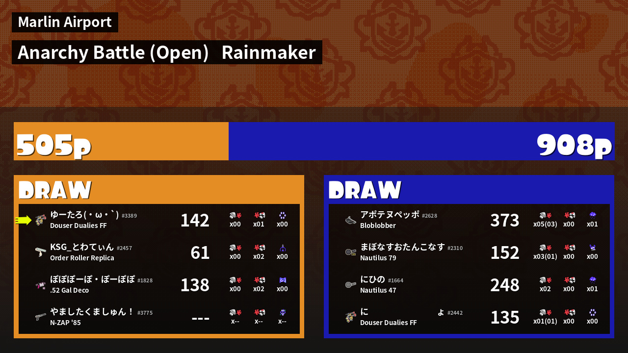 | Mode | Rainmaker - Anarchy Battle (Open) | ||
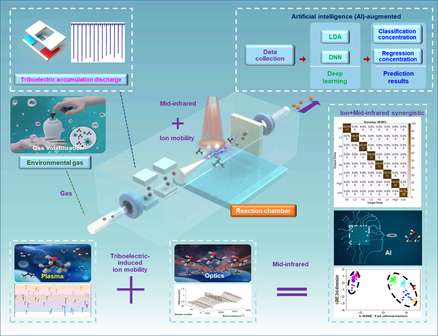 针对以上存在问题,团队开发一种人工智能增强的高压静电诱导离子迁移和中红外光谱的协同检测方法,利用不同维度的传感信号的互补特征及其协同机制来达到异丙醇分子的高精度检测方法。通过高压静电的 "冷 "离子放电迁移谱与中红外光谱耦合的协同,并基于机器学习的回归预测,实现被测气体浓度辨识接近99.08%的准确率。本研究提出的人工智能增强的协同方法实现精确和快速的气体成分与浓度辨识,可广泛应用于医疗健康与环保领域。
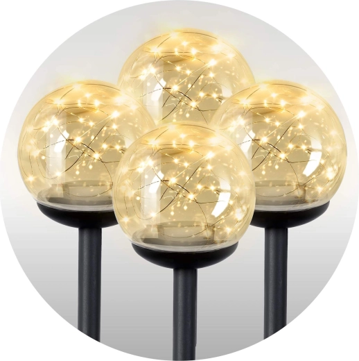 Vytvorte si čarovnú atmosféru v záhrade so súpravou štyroch solárnych svetiel v tvare gule. Vďaka amorfným panelom fungujú aj pri slabom svetle, majú praktické súmrakové čidlo, automatické zapínanie v noci a vodoodolnosť IPX4. Jednoduchý hrot umožní ľahké zapichnutie do pôdy a univerzálny dizajn skvele doplní záhony, trávniky aj cesty.
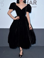 A-Line Cocktail Dresses Elegant Dress Formal Halloween Tea Length Short Sleeve V Neck Fall Wedding Guest Velvet with Ruffles - US 2 / UK 6 / EU 32
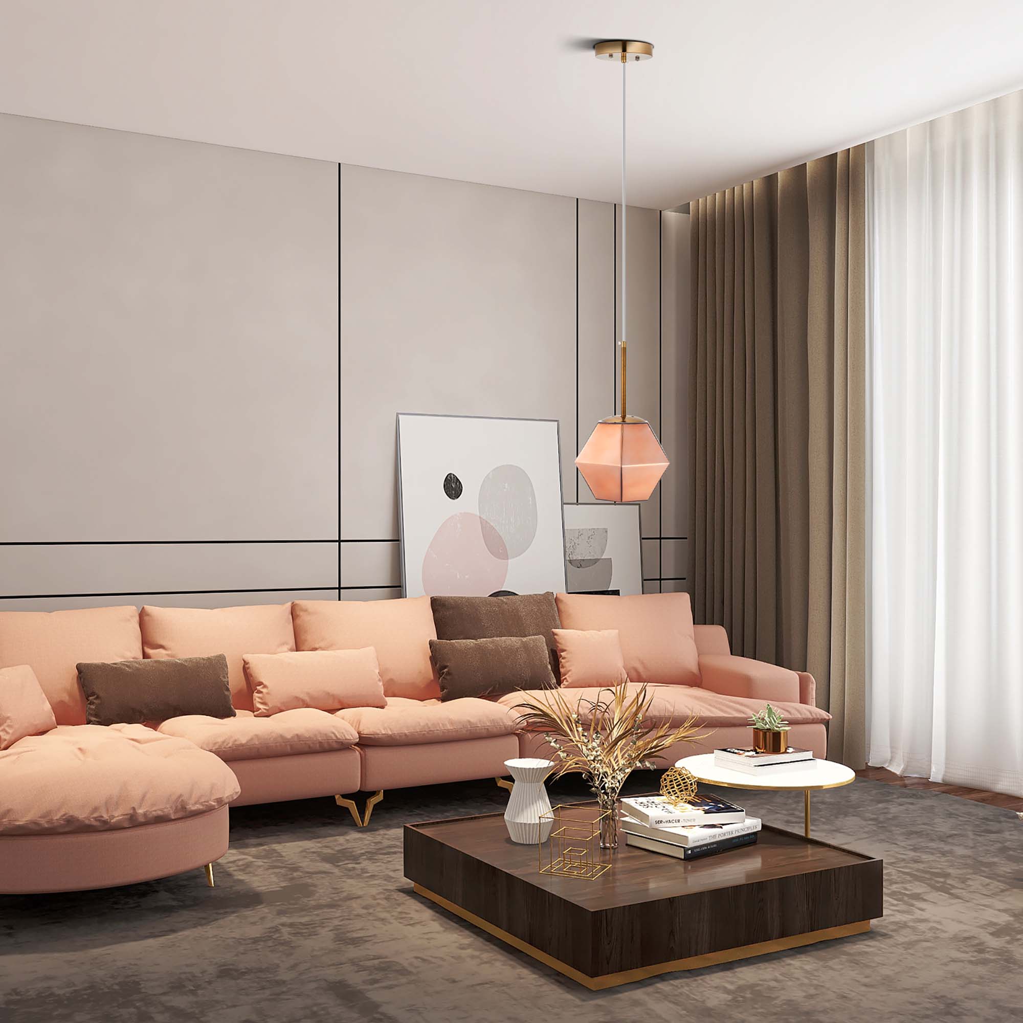 CARRO HOME Pegasus Jewel Tone Glass Pendant Light Collection bring a boost of brightness and a touch of glam to any arrangement with this one-light glass pendant. Crafted with a circular brass finish canopy, this light fixture features a hexagonal glass shade with specialty jewel tone color finish. Your kitchen, dining room or family space gets an instant boost with this sophisticated pendant lights.
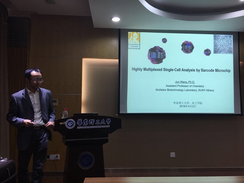 2018年4月2日下午4点在实验十六楼110,美国纽约州立大学奥尔巴尼分校Jun Wang教授应2138CC太阳集团徐益升副教授邀请,来我校徐汇校区交流访问并作了题目为”Highly Multiplexed Single-Cell Analysis by Barcode Microchip”的学术报告。徐益升副教授主持了主题报告会,同时出席会议的还有2138CC太阳集团朱学栋院长、李莉教授,王俊友副教授,王杰副教授等。
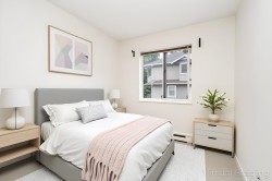 Tucked away in a quiet, well-kept complex! This bright 3 bed, 2.5 bath townhome offers 1,375 sqft across 3 levels—perfect for young families. The top floor is a private primary retreat with walk-in closet, ensuite, and covered balcony. Two bedrooms, full bath, and laundry on the second floor. The main level features a separate kitchen and sunlit living room with gas fireplace, opening to a South-facing fenced private Patio. Quiet, well-maintained complex just 2 blocks from Edmonds Skytrain, and minutes to schools, parks, and shopping. Includes 1 parking and 1 storage locker. A rare opportunity in a family-friendly community!
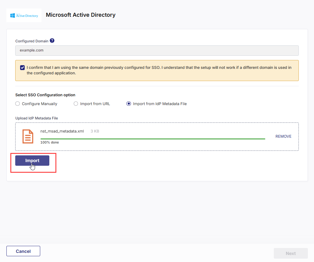 Click Import to retrieve the SSO configuration values. The following fields are auto-filled upon successful import:
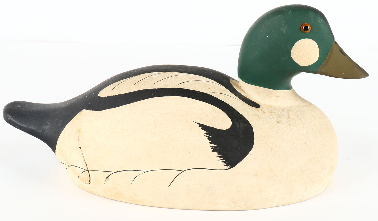 Goldeneye Drake by Glen Burnie, Stoney Point Decoys, MD, glass eyes, solid wood, original paint, structurally excellent, stamped on bottom. Grade: Excellent + - Value: 20 to 40
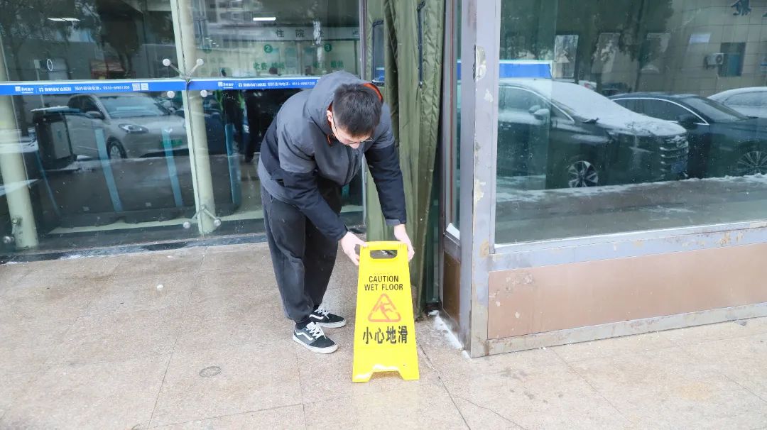 同時(shí),為進(jìn)一步降低雨雪冰凍安全風(fēng)險(xiǎn),醫(yī)院始終保持“時(shí)時(shí)放心不下”的責(zé)任感,嚴(yán)格落實(shí)防凍,防凝、防滑、防雪等安全防范措施,妥善安排相關(guān)人員引導(dǎo)就醫(yī)群眾安全出行,并在顯著位置放置警示標(biāo)志、鋪設(shè)防滑地墊等,為就診群眾和廣大職工出行開辟安全路和放心路,為急危重癥患者搶救暢通安全通道并組織安全員加強(qiáng)重點(diǎn)部門、重點(diǎn)設(shè)備的安全巡查,持續(xù)加大全院安全隱患排查力度,加固院內(nèi)廣告牌、棚架等戶外搭建物,防止大風(fēng)、積雪導(dǎo)致?lián)p壞。
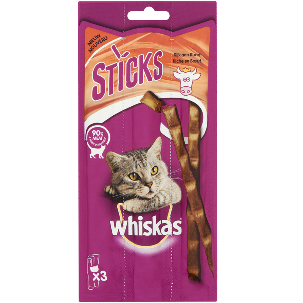 De Whiskas Catsticks combineren krokante buitenkant, zachte kern en aantrekkelijke vleessmaken in een snack die je kat telkens weet te verleiden. Door de individuele verpakkingen en breekpunten zijn ze handig, vers en eenvoudig te doseren.
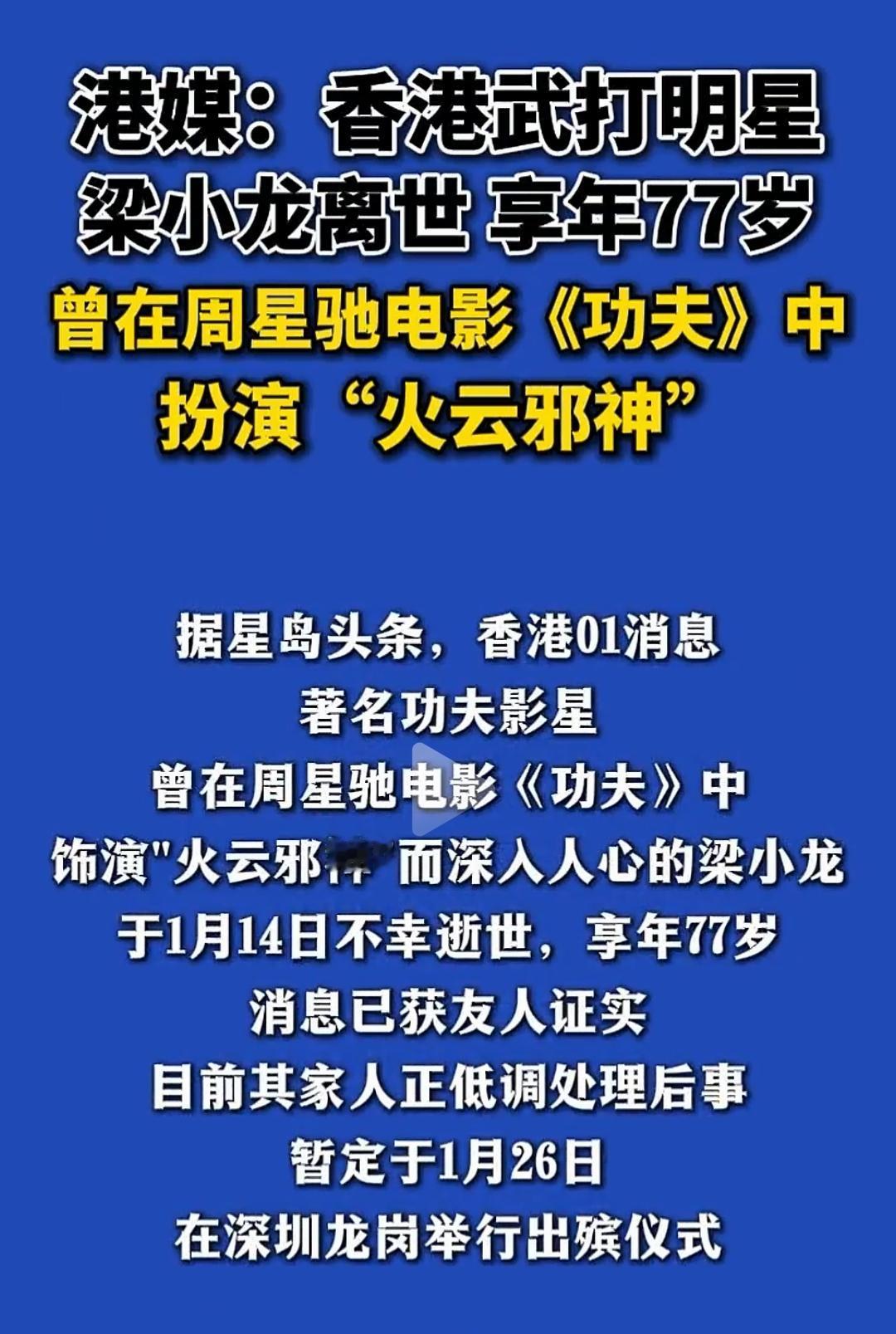 是你饰演的陈真让我们记得大号是中华,但是年轻的孩子们只记得火云邪神了。“火云邪神”梁小龙去世 一生之中有两个这样出色的角色,足矣。 我们会永远记得那个用脚踢碎“东亚病夫”牌匾的人,也会记得那个独闯日本匪窝的人。 梁小龙先生,一路走好![蜡烛]
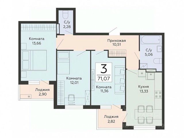 Продаётся 3-комнатная квартира в строящемся доме (Позиция 38), срок сдачи: III-кв. 2026, общей площадью 75.9 кв.м., на 9 этаже. Расположение, транспортная доступность
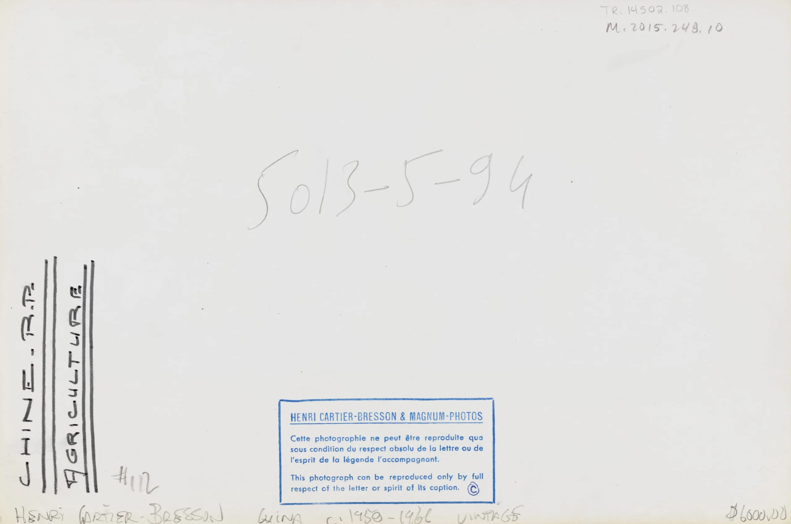 Verso of a gelatin silver print showing handwritten annotations, a penciled reference number, vertical text strips at left, and a blue Henri Cartier-Bresson & Magnum Photos copyright stamp with French and English text.
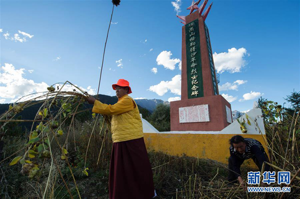 圖為頂果山寺第39世活佛丹貝降參(左),繼承前世活佛對(duì)紅軍的深情厚誼,堅(jiān)持尋找、精心收藏當(dāng)年紅軍的戰(zhàn)斗遺物和文物,維護(hù)著頂果山格勒得沙革命烈士紀(jì)念碑。

# Task description:
Give the lines above again exactly, from the one containing "Vytvorte si čarovnú" to the one containing "Multiplexed Single-Cell Analysis", both included, but leave out the pictures.

# Answer section:
 Vytvorte si čarovnú atmosféru v záhrade so súpravou štyroch solárnych svetiel v tvare gule. Vďaka amorfným panelom fungujú aj pri slabom svetle, majú praktické súmrakové čidlo, automatické zapínanie v noci a vodoodolnosť IPX4. Jednoduchý hrot umožní ľahké zapichnutie do pôdy a univerzálny dizajn skvele doplní záhony, trávniky aj cesty.
 A-Line Cocktail Dresses Elegant Dress Formal Halloween Tea Length Short Sleeve V Neck Fall Wedding Guest Velvet with Ruffles - US 2 / UK 6 / EU 32
 CARRO HOME Pegasus Jewel Tone Glass Pendant Light Collection bring a boost of brightness and a touch of glam to any arrangement with this one-light glass pendant. Crafted with a circular brass finish canopy, this light fixture features a hexagonal glass shade with specialty jewel tone color finish. Your kitchen, dining room or family space gets an instant boost with this sophisticated pendant lights.
 2018年4月2日下午4点在实验十六楼110,美国纽约州立大学奥尔巴尼分校Jun Wang教授应2138CC太阳集团徐益升副教授邀请,来我校徐汇校区交流访问并作了题目为”Highly Multiplexed Single-Cell Analysis by Barcode Microchip”的学术报告。徐益升副教授主持了主题报告会,同时出席会议的还有2138CC太阳集团朱学栋院长、李莉教授,王俊友副教授,王杰副教授等。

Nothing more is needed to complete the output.